A look at modern France, and a profile of revolutionary villain Maximilien Robespierre; the American recovery and the very happy people of Iceland. Here are this week's good reads.
Close your eyes. Now, imagine your vision of the happiest place on earth. It’s an island, of course, but it’s a volcanic island, so there is a faint smell of sulfur in the air, and the chance of getting buried in hot ash. You’ll love the long summer nights, but you’ll need a bit of fish oil to see you through the long winters, because you’re close to the Arctic Circle.
Yes, Iceland is the third-happiest place on earth, after Denmark and Costa Rica, according to Robert Lavine, writing in The Atlantic magazine. What makes Icelanders so happy, writes Mr. Lavine, a clinical psychologist from Virginia, is not the lack of challenges – indeed, Icelanders have cold winters, a shaky economy, and the threat of volcanic annihilation – but rather the fact that they meet these challenges with stoicism and a communal spirit. Faced with difficulty, Icelanders know they need each other to survive, and they find that they actually enjoy each other’s company.

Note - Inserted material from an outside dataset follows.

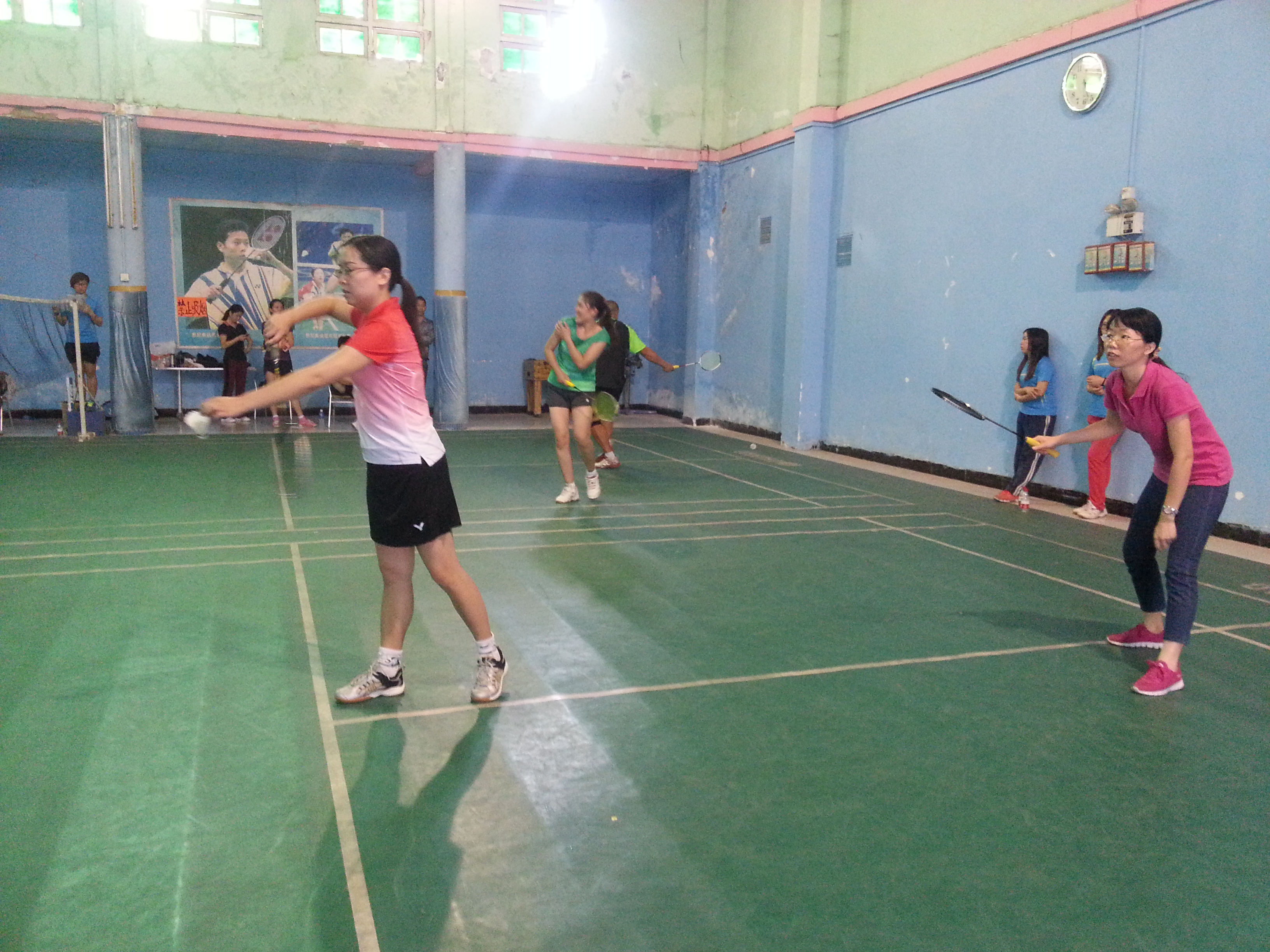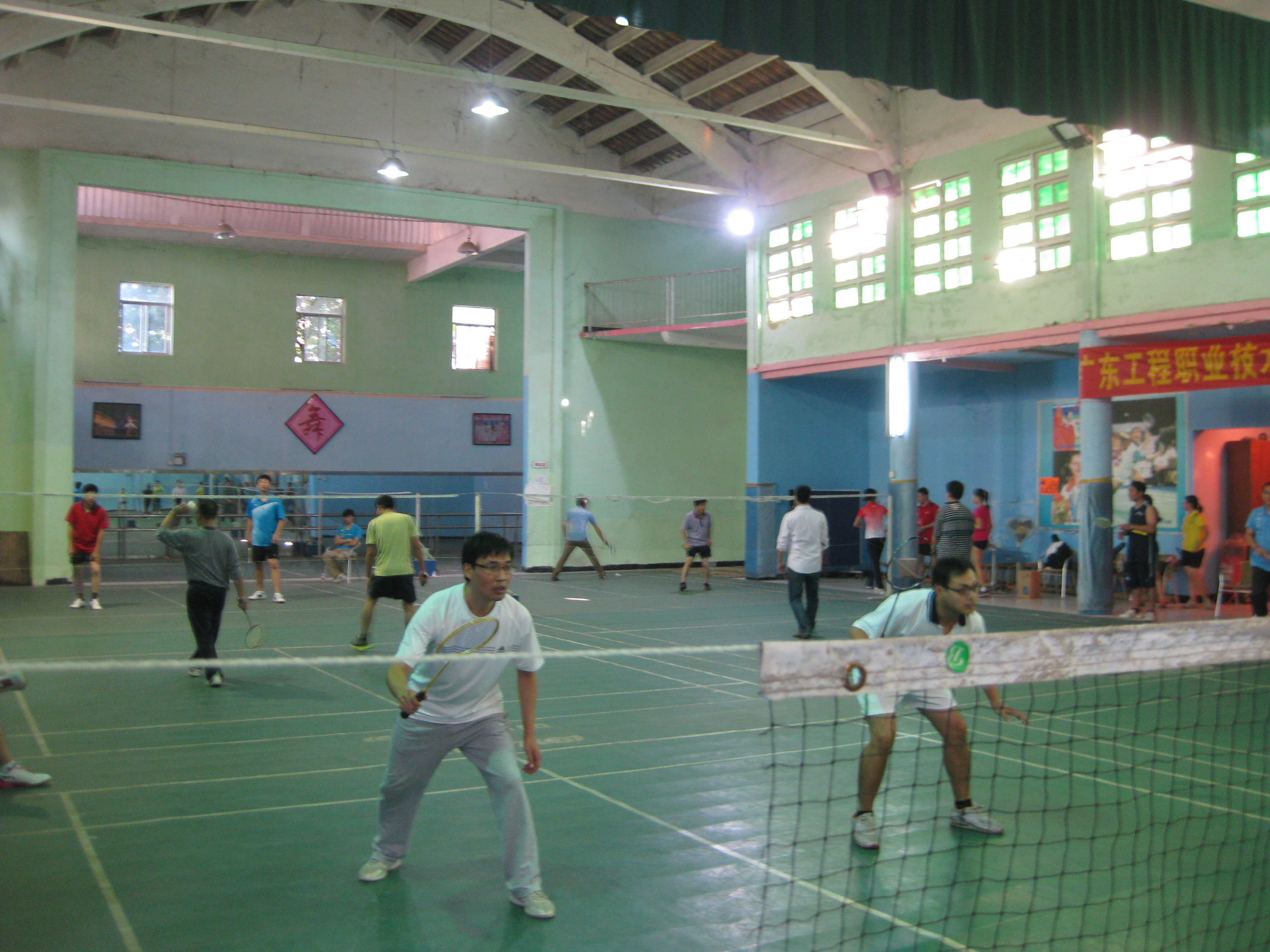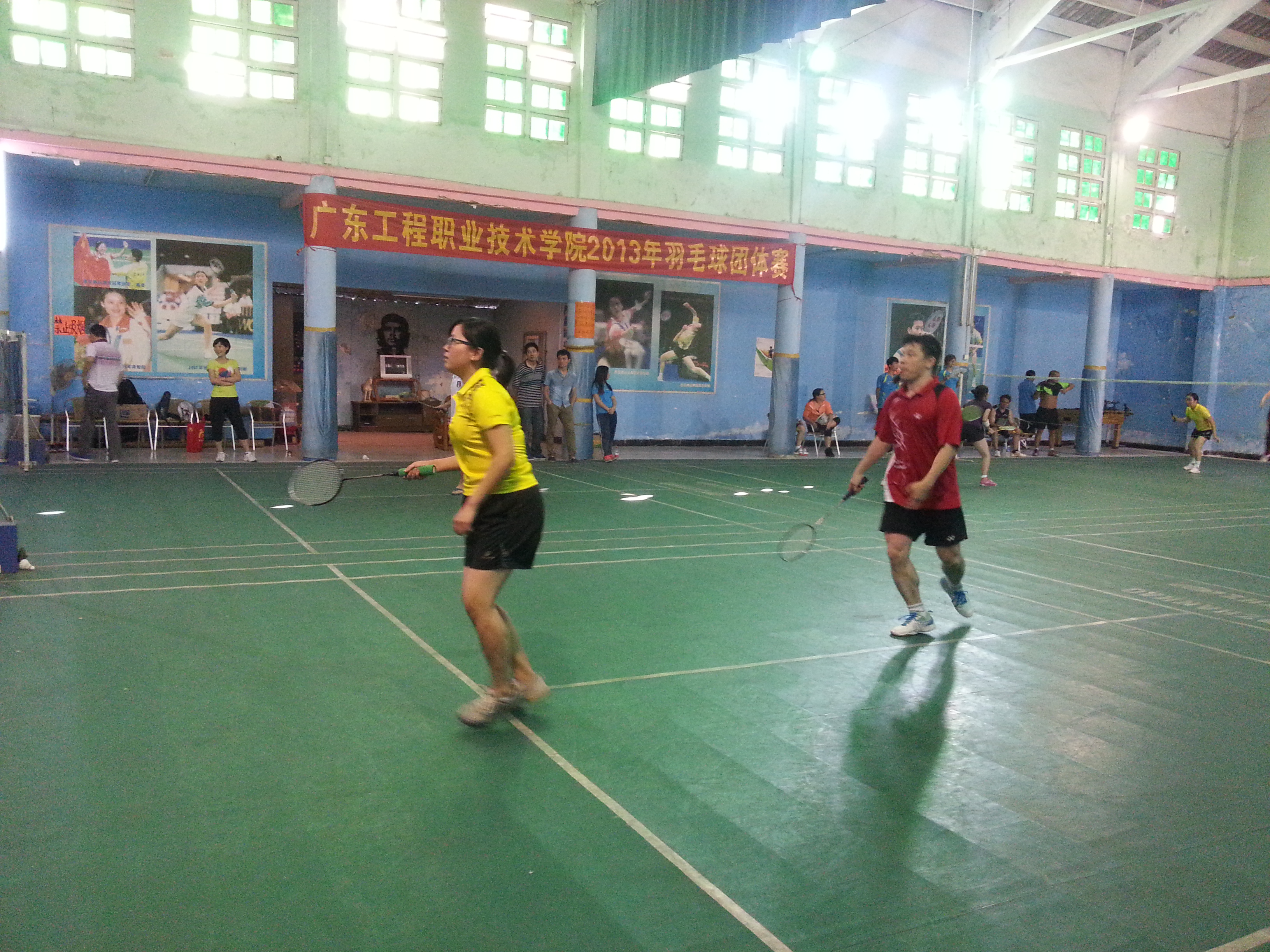 11月7日下午,由学院工会主办、体育部承办的2013年广东工程职业技术学院教职工羽毛球团体赛在凤凰羽毛球馆举行。本次比赛有9个参赛队,共18个工会小组参赛。比赛以男双、女双和混双的成绩记团体总分,采取每局21分、每盘三局两胜制。比赛首先进行小组循环赛,各小组前两名进入淘汰赛,再由获胜的3个队进行循环赛确定前三名,负的三个队进行循环赛确定4到6名的名次。

In the midst of an American election campaign, where vice-presidential candidates are debating the merits of the self-interest theories of novelist Ayn Rand, what can one make of the happiness of a place like Iceland? Surely the country’s European-style social-democratic policies, with nine-month paid paternity leave, life-time health care, long life expectancy, low crime rates, and expensive clean-energy policies would be a one-way ticket to demographic disaster, right?